Your goal = All of the listing is to be written out word for word, with the pictures left out.

Provided data =
================
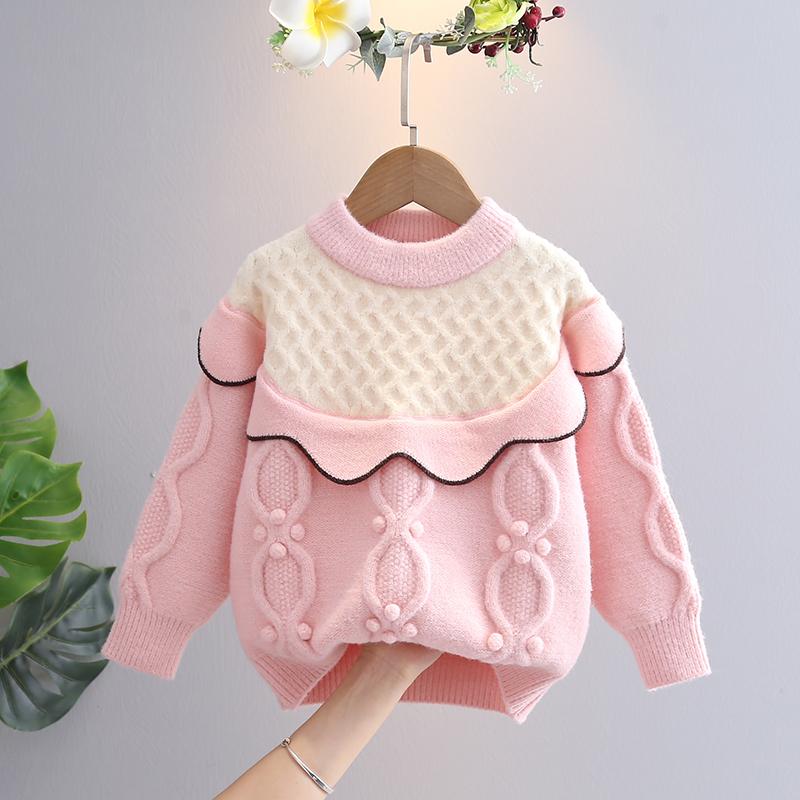 ルーズ ニットプルオーバー 柄 セーター ピンク 秋冬 新作 子供服 ファッショナブル 韓国 幼児 保育園 幼稚園 小学生 学校
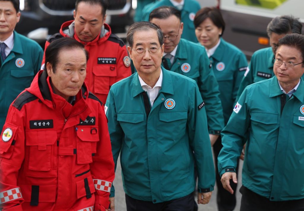 한 대행은 산불현장통합지휘본부에서 산불 특수 진화대, 소방관, 지방자치단체 공무원 등을 격려한 뒤 의성체육관에 마련된 주민대피소를 찾아 산불 피해 주민들을 위로했다.
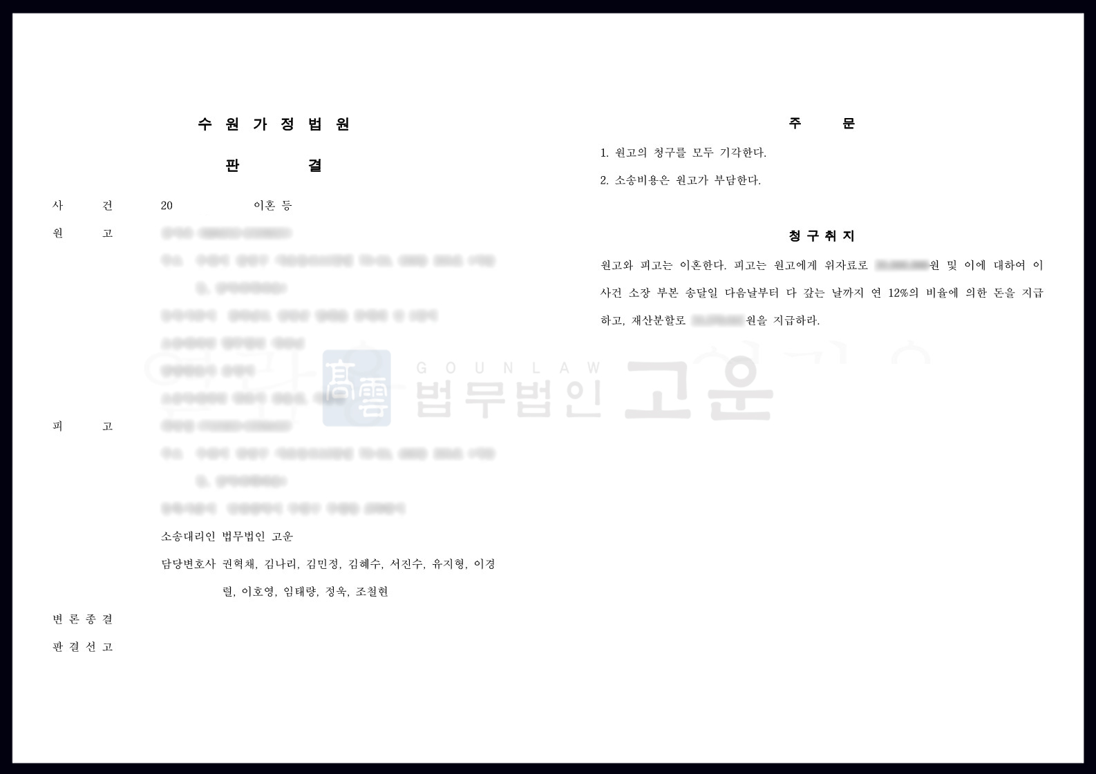 다. 법무법인 고운은 B씨가 주장하는 A씨의 귀책사유가 사실이 아니라는 점과 A씨가 가정을 위하여 노력한 점, 오히려 B씨가 혼인관계 유지를 위한 노력 없이 오히려 악화시키는 언행들을 한 점 등을 입증하였고, A씨의 이혼 청구 및 그 외 위자료 및 재산분할 청구 또한 이유가 없음을 밝혔습니다.
================
Solution below =
 ルーズ ニットプルオーバー 柄 セーター ピンク 秋冬 新作 子供服 ファッショナブル 韓国 幼児 保育園 幼稚園 小学生 学校
 한 대행은 산불현장통합지휘본부에서 산불 특수 진화대, 소방관, 지방자치단체 공무원 등을 격려한 뒤 의성체육관에 마련된 주민대피소를 찾아 산불 피해 주민들을 위로했다.
 다. 법무법인 고운은 B씨가 주장하는 A씨의 귀책사유가 사실이 아니라는 점과 A씨가 가정을 위하여 노력한 점, 오히려 B씨가 혼인관계 유지를 위한 노력 없이 오히려 악화시키는 언행들을 한 점 등을 입증하였고, A씨의 이혼 청구 및 그 외 위자료 및 재산분할 청구 또한 이유가 없음을 밝혔습니다.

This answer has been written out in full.